DPA powers toward effective and transparent GDPR enforcement: the case of Croatia

Abstract

The paper identifies and explores the solutions to certain underdeveloped and lacking legislative solutions and issues in the practice of the national data protection authority (CPDPA), which affect the aims of effective GDPR enforcement and transparency. On a broader level it contributes to the EDPB initiatives toward the harmonization of certain procedural provisions and overcoming the differences in the conduct of cross-border proceedings. Most of the research considerations are supported by a study of the case that received much public attention and involves the first administrative fine in Croatia. Arguments are provided toward prescribing time limits for the resolution of data protection administrative disputes and toward appropriate addressal of the closely related issues of publishing CPDPA rulings, with the concerns of their accessibility worked out through a comprehensive policy.
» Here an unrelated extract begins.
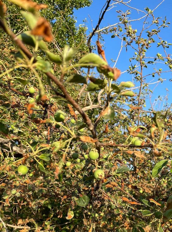 ??馮耀華當(dāng)年帶頭修起的大壩已廢棄,壩下無(wú)人料理的果樹(shù)卻還年年結(jié)果。今年又有不少綠色小沙果掛在枝頭。新華每日電訊記者王京雪攝
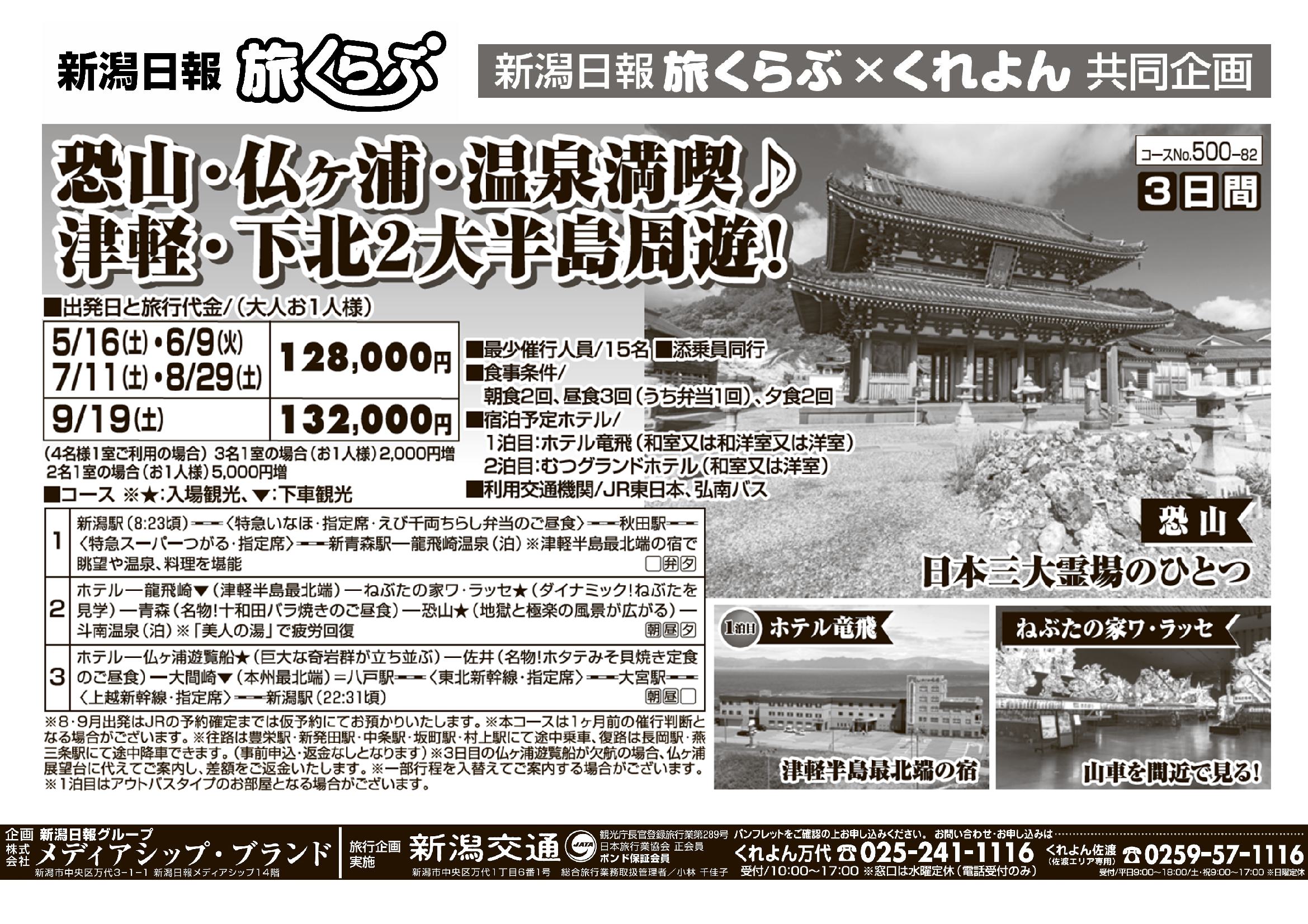 【新潟日報旅くらぶ】 恐山・仏ヶ浦・温泉満喫♪津軽・下北2大半島周遊! 2日間

This includes also the particular considerations on the corrective measures issued to public authorities, which cannot be fined, and on the underdeveloped fine-limitation rule for certain other public sector bodies. Public interest concerns should be closely examined in the assessment of communicating information on relevant data protection cases and CPDPA decisions, as well as the interrelation with the freedom of information requests. The publishing of non-anonymous final rulings should be recognized as a form of additional sanction and power of the data protection authority and as such further explored also at the EU level. In terms of more efficient CPDPA functioning it is argued that the prescribed time limits for issuing expert opinions are extended. At the same time resources should be utilized toward better inclusivity and accessibility of relevant information, primarily rulings, on its website.